Segment Start: Information supplied

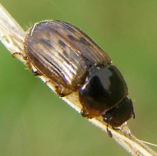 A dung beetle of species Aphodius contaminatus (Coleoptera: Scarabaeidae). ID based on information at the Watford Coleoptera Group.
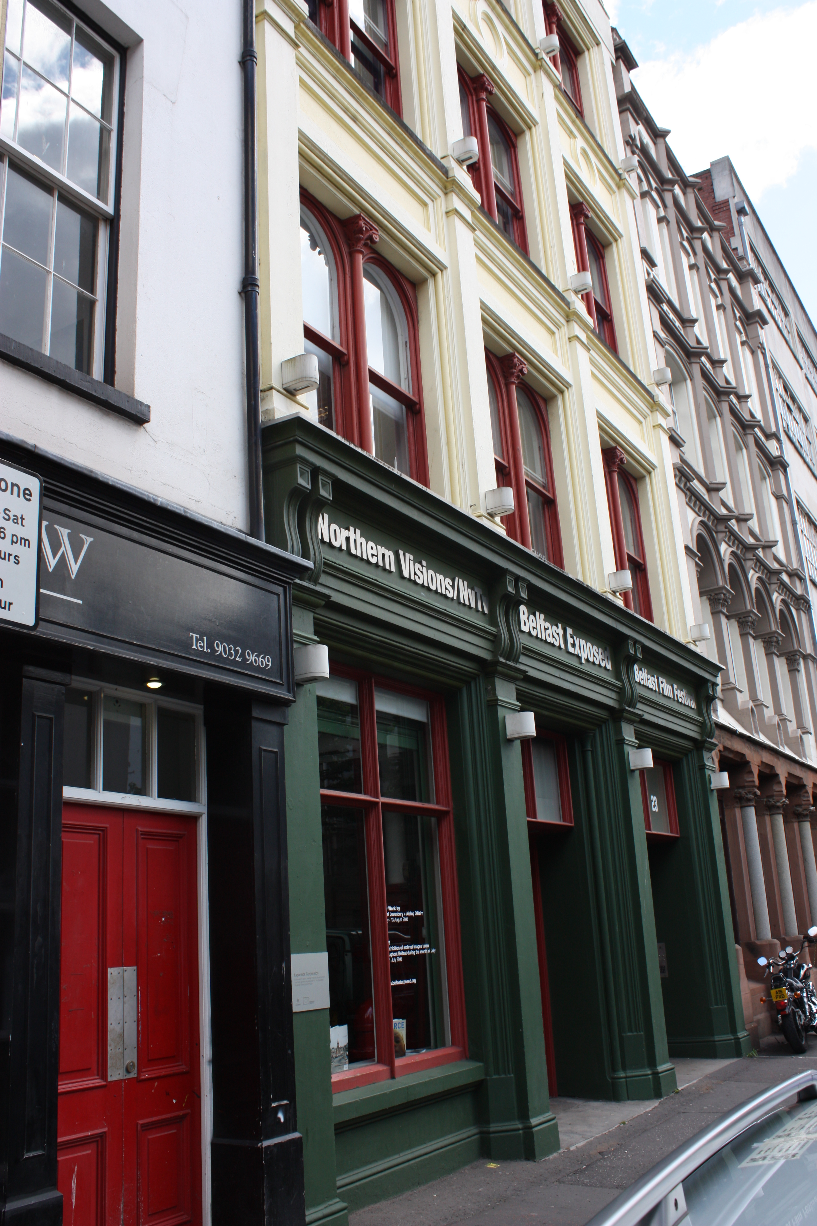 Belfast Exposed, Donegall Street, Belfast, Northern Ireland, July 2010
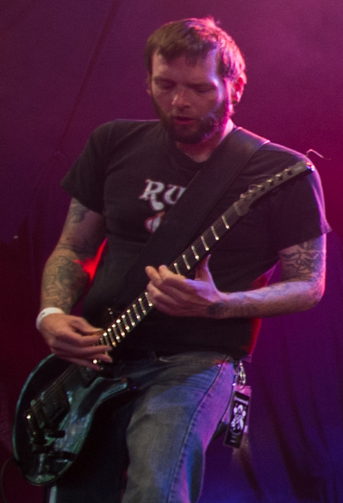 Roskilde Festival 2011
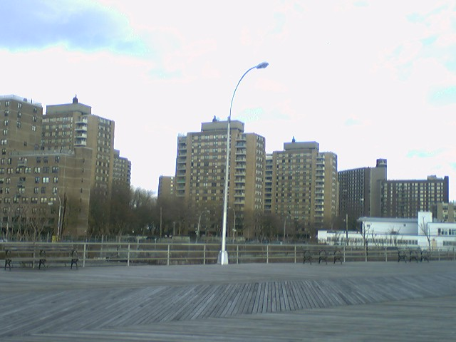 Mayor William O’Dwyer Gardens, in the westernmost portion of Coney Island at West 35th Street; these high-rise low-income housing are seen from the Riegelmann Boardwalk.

Segment End: Information supplied

Beginning with the line containing "Belfast Exposed, Donegall" and ending with the last line of the material, output each line exactly; do not include pictures.

 Belfast Exposed, Donegall Street, Belfast, Northern Ireland, July 2010
 Roskilde Festival 2011
 Mayor William O’Dwyer Gardens, in the westernmost portion of Coney Island at West 35th Street; these high-rise low-income housing are seen from the Riegelmann Boardwalk.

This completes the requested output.